▶ Task
From the entries below, copy every line that holds the word "begravningsplatsen".

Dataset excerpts

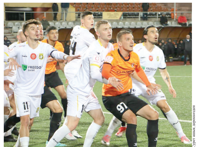
Сурет шық. Лерекөкпен

Премьер-лиганың 20-туры аясында «Шахтер» «Тұран» командасымен ойнау үшін Түркістанға қонаққа барады.
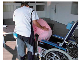
状態に応じた移乗練習
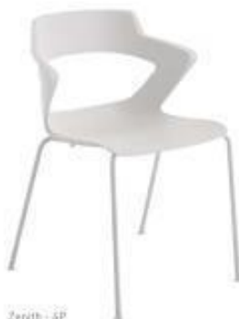
Zenith - GP
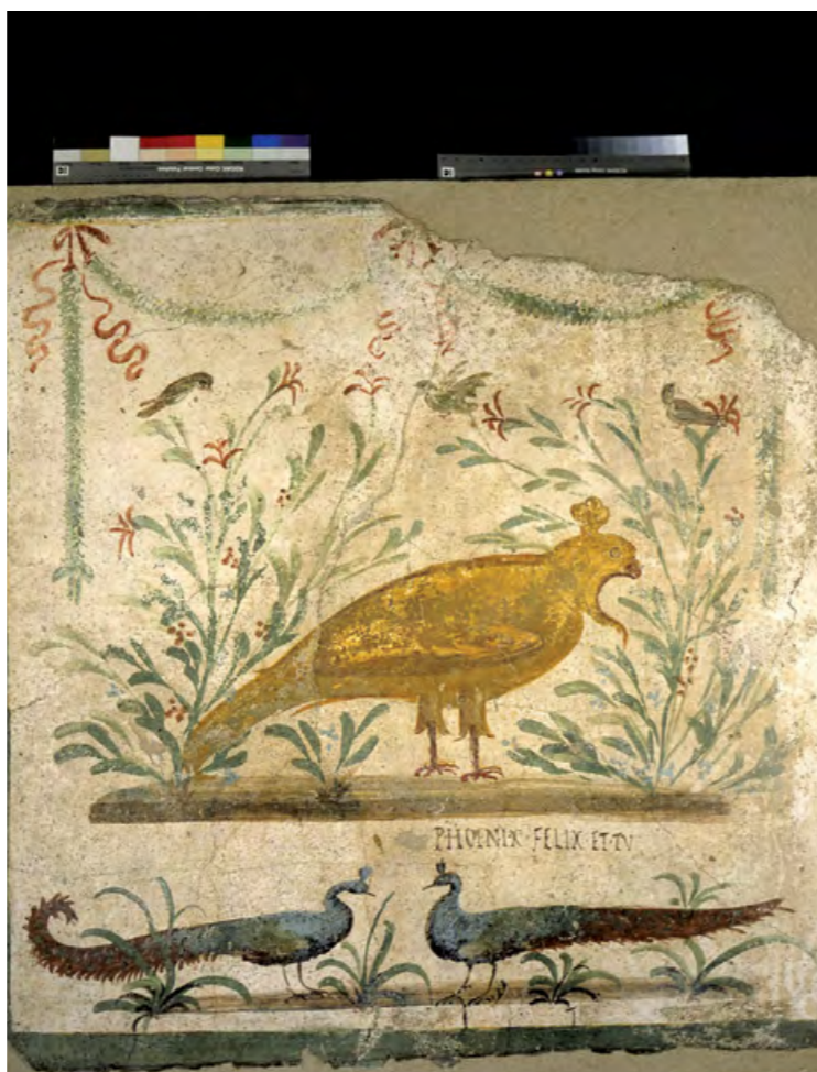
5 Enseigne de la Fenice (Pompei)
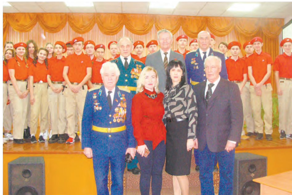
Фото на память с воронежскими гостями

Воронежские гости поучаствовали в митингах в центральном парке города Богучара и села Радченское. Собранные почтили память погибших в Великой Отечественной войне, пожелали друг другу здоровья и мирного неба над головой. А еще они посетили литературно-концертные программы, подготовленные молодежью этих населенных пунктов. Юноши и девушки зачитывали отрывки из книги «Ровесники», пели военно-патриотические песни, общались с гостями о пережитом ими непросто
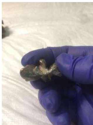
Detalle superficie elemento desprendido.
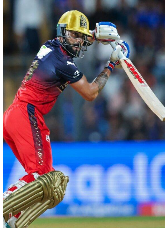
అడుతున్నాడు. దీనితో అతను శిఖర్ ధావన్, దినేశ్ కార్తీక్, కీరన్ పొలాడ్ వంటి దిగ్గజాల రికార్డును సమం చేశాడు. ఐపీఎల్ షేఆఫ్ లో అత్యధిక మ్యాచ్లు ఆడిన

రాయల్ చాలెంజర్స్ బెంగళూరు స్టార్ బ్యాటర్, రన్ మెషిన్ విరాట్ కోహ్లా ఖాతాలో మరో అద్భుతమైన మైలురాయి చేరింది. ఐపీఎల్ ప్రారంభమైన 2008 సీజన్ నుంచి ఆరేళ్ల బిట్టకు సమకాలిని పిల్లర్గా నిలిచిన కోహ్లా, ఐపీఎల్ 2026 క్వాలిఫైయర్ 1 మ్యాచ్ ద్వారా సరికొత్త చరిత్ర సృష్టించాడు. మే 26న ధర్మశాల వేదికగా గుజరాత్ ట్రైటాన్స్ తో జరుగుతున్న ఈ కీలక పోరులో బరిలోకి దిగడం ద్వారా, ఐపీఎల్ చరిత్రలోనే అత్యధిక షేఆఫ్స్ మ్యాచ్లు ఆడిన దిగ్గజాల సరసన కోహ్లా చోటు సంపాదించుకున్నాడు. ఐపీఎల్ చరిత్రను తిరగేస్తే విరాట్ కోహ్లా పేరిట లేని రికార్డు అంటూ లేదు. ఈ మెగా టోర్నీలో ఇప్పటివరకు అత్యధిక పరుగులు చేసిన బ్యాటర్ గా కోహ్లానే అగ్రస్థానంలో కొనసాగుతున్నాడు. అతను మొత్తం 9218 పరుగులు చేసి ఎవరికీ అందనంత ఎత్తులో నిలిచాడు. అంతేకాదు, ఐపీఎల్లో అత్యధిక హాఫ్ సెంచరీలు (76 హాఫ్ సెంచరీలు) చేసిన రికార్డు కూడా కోహ్లా పేరిటే ఉంది. అతని తర్వాత డేవిడ్ వార్నర్ ఉండగా, ప్రస్తుతం ఆడుతున్న యాక్టివ్ ప్లేయర్లలో కేవల రాయల్ 51 హాఫ్ సెంచరీలతో రెండో స్థానంలో ఉన్నాడు. ఈ గణాంకాల్లో ఐపీఎల్లో కోహ్లా సృష్టించిన సామ్రాజ్యానికి అద్దం పడుతున్నాయి. తాజాగా గుజరాత్ ట్రైటాన్స్ తో జరుగుతున్న క్వాలిఫైయర్ 1 మ్యాచ్లో కలిపి విరాట్ కోహ్లా తన కెరీర్లో 18వ ఐపీఎల్ షేఆఫ్ మ్యాచ్
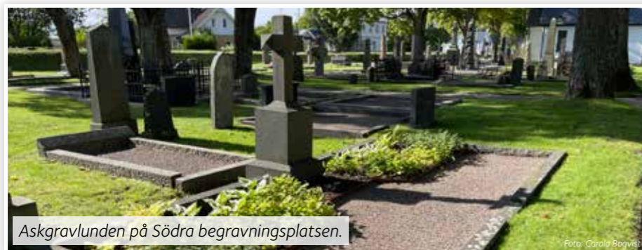
Askgravlunden på Södra begravningsplatsen.

Minneslund finns på två ställen inom Mariestads församling, en på Östra begravningsplatsen och en på Leksbergs kyrkogård. Askgravlund finns också på två ställen, en på Fågelö kyrkogård och en på Södra begravningsplatsen. På Fågelö är den belägen i en grässlätt med närhet till naturen. På Södra begravningsplatsen är det en grusgrav som gjorts om med en plantering, denna plats är under stora fina träd i en mer parkliknande miljö.
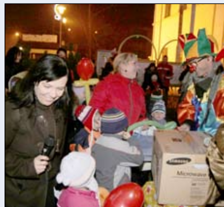
další fotografie jsou umístěny na: http://radvanicefoto.rajce.idnes.cz/

▶ Answer below
Askgravlunden på Södra begravningsplatsen.
Minneslund finns på två ställen inom Mariestads församling, en på Östra begravningsplatsen och en på Leksbergs kyrkogård. Askgravlund finns också på två ställen, en på Fågelö kyrkogård och en på Södra begravningsplatsen. På Fågelö är den belägen i en grässlätt med närhet till naturen. På Södra begravningsplatsen är det en grusgrav som gjorts om med en plantering, denna plats är under stora fina träd i en mer parkliknande miljö.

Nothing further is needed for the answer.